The poor detection rates of very rare clones suggested that reliability of detection events at this level may be low. We therefore investigated whether detection rate could be improved bioinformatically, by filtering data using a Unique Alternate Observation (UAO) threshold. UAO takes advantage of molecular barcoding during library preparation and describes the number of unique DNA molecules in which a given variant appears during variant calling. Applying increased UAO stringency markedly increased the detection rate of rare variants, for example a UAO of ≥ 20 resulted in 98% of variants being detected in both replicates at 0.001-0.005 VAF (Fig 1J). Increased UAO stringency significantly limited the number of variants passing the filter however, with a mean 1.5 variants at 0.001-0.005 VAF with UAO ≥ 20 versus 3174 with UAO ≥ 3 (Fig 1K). To determine what proportion of real variants were being excluded at increasing UAO values, the detection rate for serially-diluted reference standards was determined (Fig 1L). UAO ≥ 10 effectively precluded detection of almost all variants at VAF ≤ 0.005, suggesting these stringent UAO requirements decreased sensitivity too far for reliable detection of rare variants. Detection rates were largely constant using a UAO of ≤ 3 (detecting 97% of variants at VAF ≥ 0.005, ~ 65% at a VAF of 0.0031 and ~ 51% at VAF 0.0016), and steadily decreased from UAO ≥ 5 which successfully detected 49% and 35% of variants at these VAFs. The UAO of ≥ 3 therefore provides the optimal threshold to maintain high detection rates while minimising false negatives. Table 1 provides a summary of the expected VAF (manufacturer supplied, ddPCR) and average observed VAF for reference standard HD829 undiluted and at various dilutions, using the optimised parameters.
Analytical range
Reference standard dilutions used with optimised parameters showed linearity (R2 = 0.9784) with a strong Pearson correlation (r = 0.9988, p < 0.0001) between expected and observed VAF (Fig 2A). Assessment of individual variants (Fig 2B) identified an over-estimation in observed VAF for ASXL1:c.1934dup from VAF ≤ 0.043 (Fig 2B-C ). Sequencing issues of ASXL1:c.1934dup are well documented due to its location in an 8 base-pair mononucleotide guanine (G) nucleotide repeat, which can cause false positive artefacts and increased repeat length [21], and a separate LLOD for this variant was used by the reference laboratory (S2 Table). Herein LLOD for ASXL1:c.1934dup was set at 0.031 VAF, as this was below reference standard and reference sample true positives, and above the detected levels in reference samples not called by the reference laboratory (Fig 2D). FLT3:c.2503G > T displayed a consistent negative bias of 0.3-fold (Fig 2B,D) across reference standards, libraries and sequencing machines (included in Fig 2E) potentially due to sequencing or bioinformatic issues [22]. Dilutions of the reference standard showed a linear relationship of FLT3-ITD (Fig 2F), with 100% detection rate at VAF ≥ 0.0031, with rapid reduction at lower VAF (Fig 2G). Exclusion of ASXL1:c.1934dup and FLT3:c.2503G > T, due to variant-specific bias, enabled more precise analysis of linearity and revealed a positive bias for variants < 0.004 VAF (Fig 2H,I). Excluding variants with VAF < 0.004 (Fig 2J,K) revealed an overall bias of 0.9-fold when comparing expected VAF (manufacturer determined by ddPCR at an average depth of 582x) to observed VAF ≥ 0.004 (average depth 3121×).
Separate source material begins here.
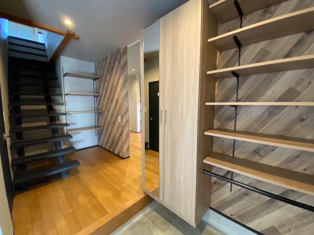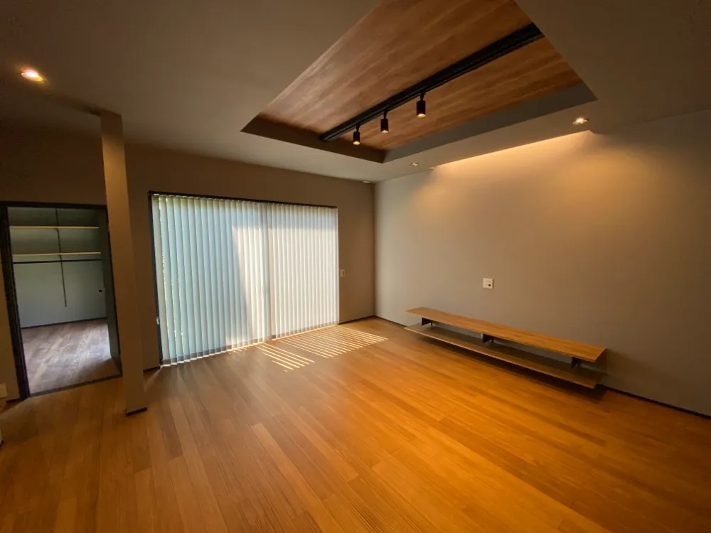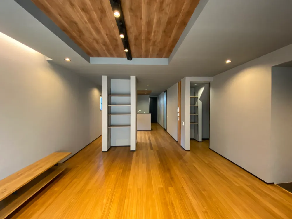 深みのあるネイビーの外観が、街並みに凛とした存在感を放ちます。 リビングは大きな窓から光を取り込み、外とのつながりを感じながらも、プライバシーを守る設計に。 キッチンに立てば、リビングで遊ぶお子さまの様子が目に入る、見守れる安心が毎日の子育てにゆとりを生みます。 家事動線をコンパクトにまとめることで家族と過ごす時間をしっかり確保できます。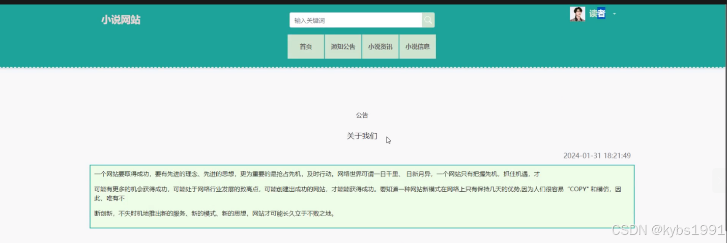- 首页:用户可以查看首页展示的轮播图、通知公告、小说资讯等相关内容。

A-B: Overall, Horizon reference standards with an average read depth of 3121x showed linearity (R2 = 0.9784) across dilutions with a strong Pearson correlation (p < 0.0001) to manufacturer’s expected VAF (ddPCR to an average read depth of 582x) (A). C. Assessment of individual variants identified an over-estimation of ASXL1:c.1934dup at VAF ≤ 0.025. D. The lower limit of detection (LLOD) for ASXL1:c.1934dup was set at 0.031 VAF, which is below the VAF of reference standard and reference sample true positives and above observed VAF in reference samples not called by the reference laboratory. E. Variant FLT3:c.2503G > T showed consistent negative bias of 0.3-fold compared to expected VAF. F-G: FLT3-ITD showed a linear relationship across dilutions (F), and a 100% detection rate was observed as low as 0.0031% VAF at a mean depth of 3128 × , though this decreased rapidly at lower VAFs (G). H-I: Variants other than ASXL1:c.1934dup and FLT3:c.2503G > T showed a strong linear relationship (R2 = 0.9979) and Pearson correlation (p < 0.0001, H), with a positive bias at VAF ≤ 0.004 (I). J-K: Limiting VAF to ≥ 0.004 revealed a bias of 0.89-fold. Error bars represent standard deviation. Vertical dotted line indicates 0.004 VAF. Horizonal solid and dotted lines in Bland-Altman plots (C, E, I, K) indicate bias, and the upper limit (UL) and lower limit (LL) of 95% confidence intervals.
Precision
Repeatability of detection of reference standards was high across intra-run and inter-run repeats, and demonstrated a negative correlation between CV and VAF (Fig 3A). The observed mean CV of 0.10 at VAF 0.05 is comparable to the CV of 0.102 in the reference laboratory using a target depth of 500x (S2 Table). Mean CV of 0.20 was observed at a VAF of 0.01–0.02, and 0.26 at a VAF 0.004-0.01. Reproducibility was also high between different sequencer machines utilised 2 years apart (Fig 3B) and different technologists (Fig 3C), showing a strong linearity (R2 = 0.9674, 0.9444) and Pearson correlation (r = 0.9836, 0.9718, both p < 0.0001). CV of two staff consistently showed increased variability with reduced VAF (Fig 3D,E).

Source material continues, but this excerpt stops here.